Ce n’est pas dans les premières semaines suivant la naissance que les pères sont les plus vulnérables, mais bien un an plus tard. C’est ce que révèle une vaste étude publiée dans JAMA Network Open, qui bouscule les idées reçues sur la santé mentale paternelle.
Une hausse d’anxiété qui survient plus tard qu’on ne le croit
L’étude, conduite entre 2003 et 2021, a suivi plus d’un million de pères. Ses conclusions sont claires : le niveau de stress augmente de 30 % chez les jeunes papas aux alentours du premier anniversaire de leur enfant, une période bien plus tardive que celle généralement associée à la fragilité parentale.
Donghao Lu, auteur principal de la recherche, souligne que cette montée progressive mérite une attention particulière :
« L’augmentation tardive des cas de dépression souligne la nécessité de prêter attention aux signes avant-coureurs de troubles mentaux chez les pères, longtemps après la naissance de leur enfant. »
Des causes encore mal comprises
L’étude n’a pas permis d’identifier avec précision les facteurs déclencheurs de cette anxiété. Donghao Lu avance néanmoins une hypothèse : les pères assumeraient souvent un rôle de soutien dominant durant les premiers mois, ce qui pourrait, à terme, peser sur leur équilibre psychologique.
Cette zone d’ombre illustre un manque plus large de données sur la santé mentale paternelle. Le Dr Khatiya Moon, directrice médicale du programme de soins collaboratifs chez Northwell Health, le déplore : « Le dépistage des problèmes de santé mentale chez les pères est important, mais il est encore trop peu pratiqué. Un dépistage plus systématique nous permettrait de mieux repérer les pères en difficulté et de leur apporter le soutien nécessaire. »

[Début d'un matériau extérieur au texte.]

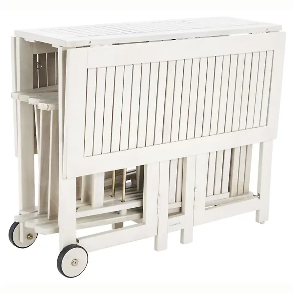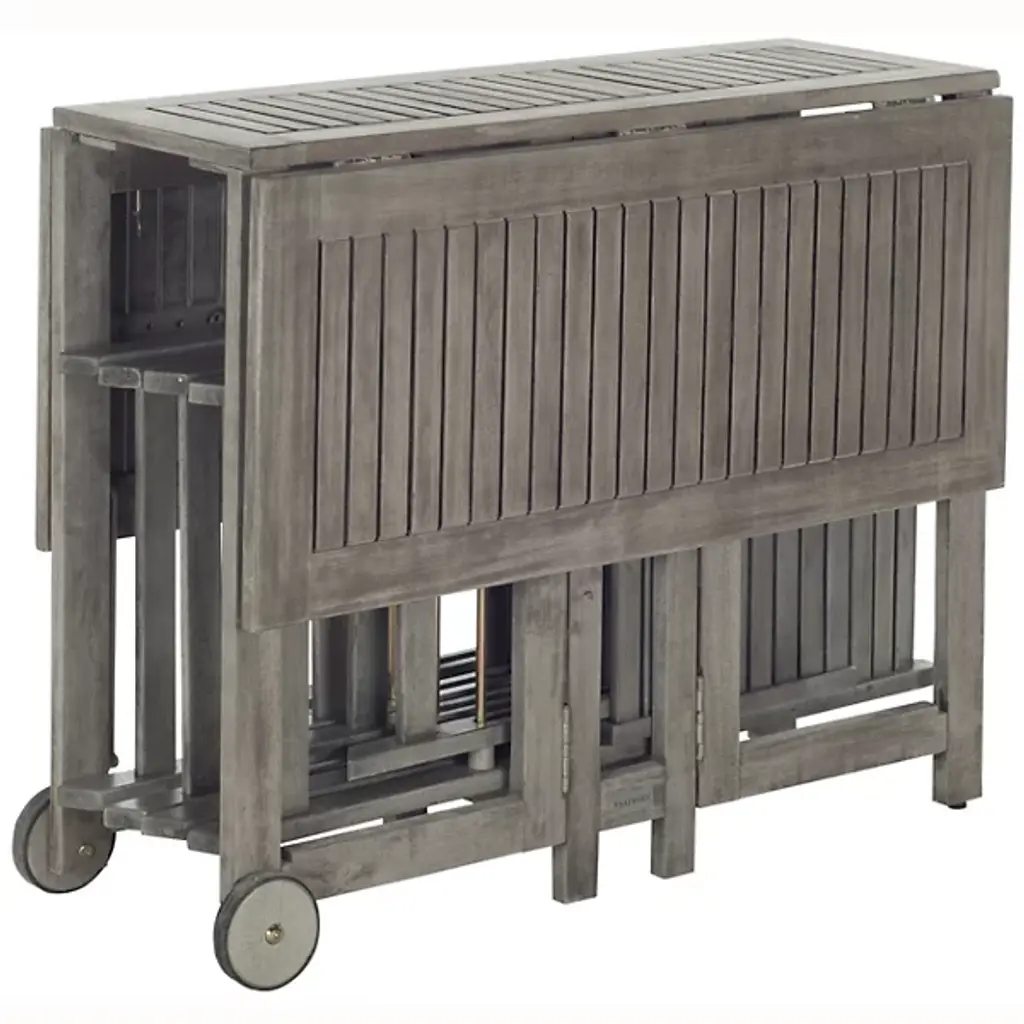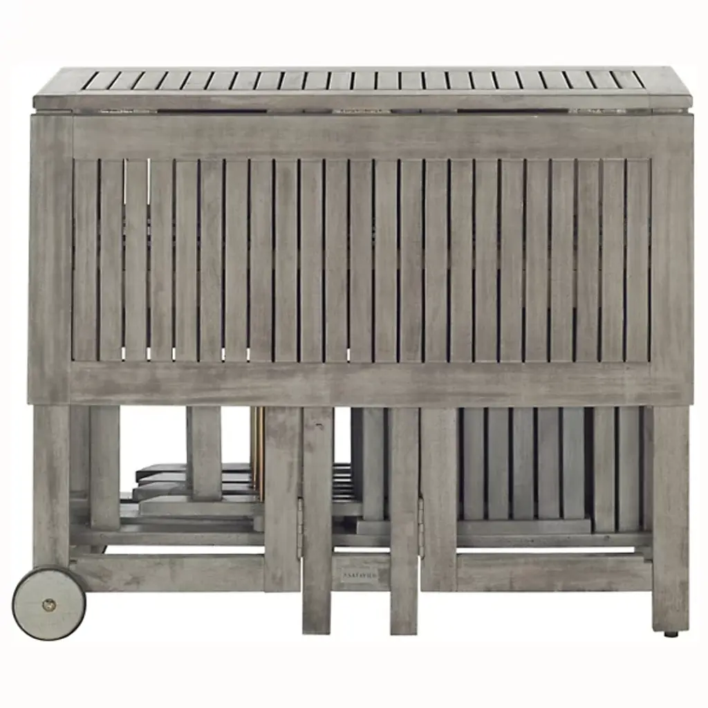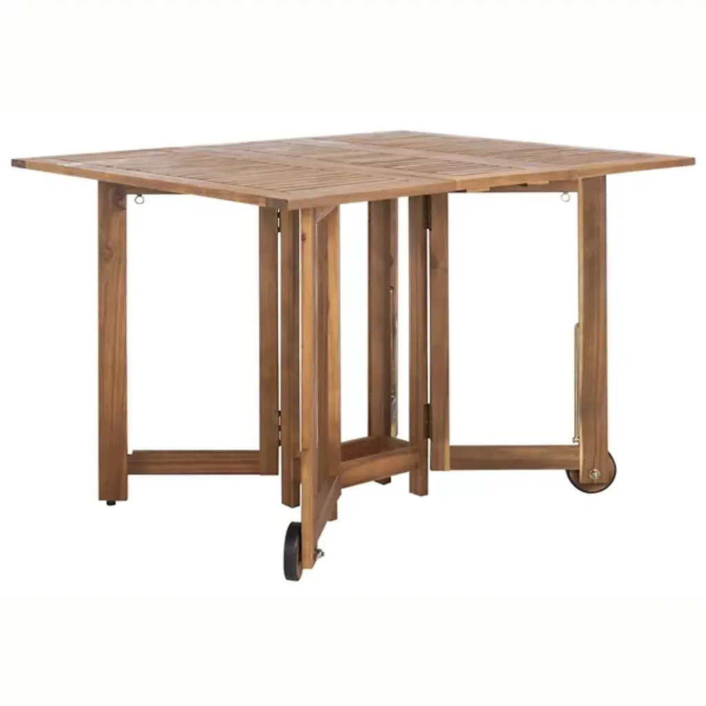 The Arballo Outdoor Table and 4 Pcs Chair from Alder & Ore feature an ingenious fold-and-tuck design that dramatically minimizes storage space. The acacia wood construction withstands outdoor conditions while maintaining its natural beauty. Each director-style chair folds completely flat and slides neatly under the collapsible rectangular table. Galvanized steel hardware ensures the smooth operation of all moving parts. This space-saving solution brings full-sized dining comfort to compact outdoor spaces, perfect for balconies and small patios.

Rompre l’isolement, une priorité pour les spécialistes
Face à ces constats, les médecins insistent sur l’importance de ne pas traverser cette période seul. S’appuyer sur son entourage — famille et amis — est présenté comme un levier essentiel de prévention.
Le Dr Moon pointe également un déséquilibre structurel : les mères bénéficient de nombreux rendez-vous médicaux et d’un réseau de soutien plus dense, tandis que les pères restent souvent en marge de ce suivi. Ce sentiment d’appartenance communautaire moins développé pourrait aggraver leur vulnérabilité au fil des mois.
Ces résultats plaident pour une évolution des pratiques médicales, avec un dépistage systématique de la santé mentale paternelle qui ne se limiterait plus aux seules semaines suivant l’accouchement.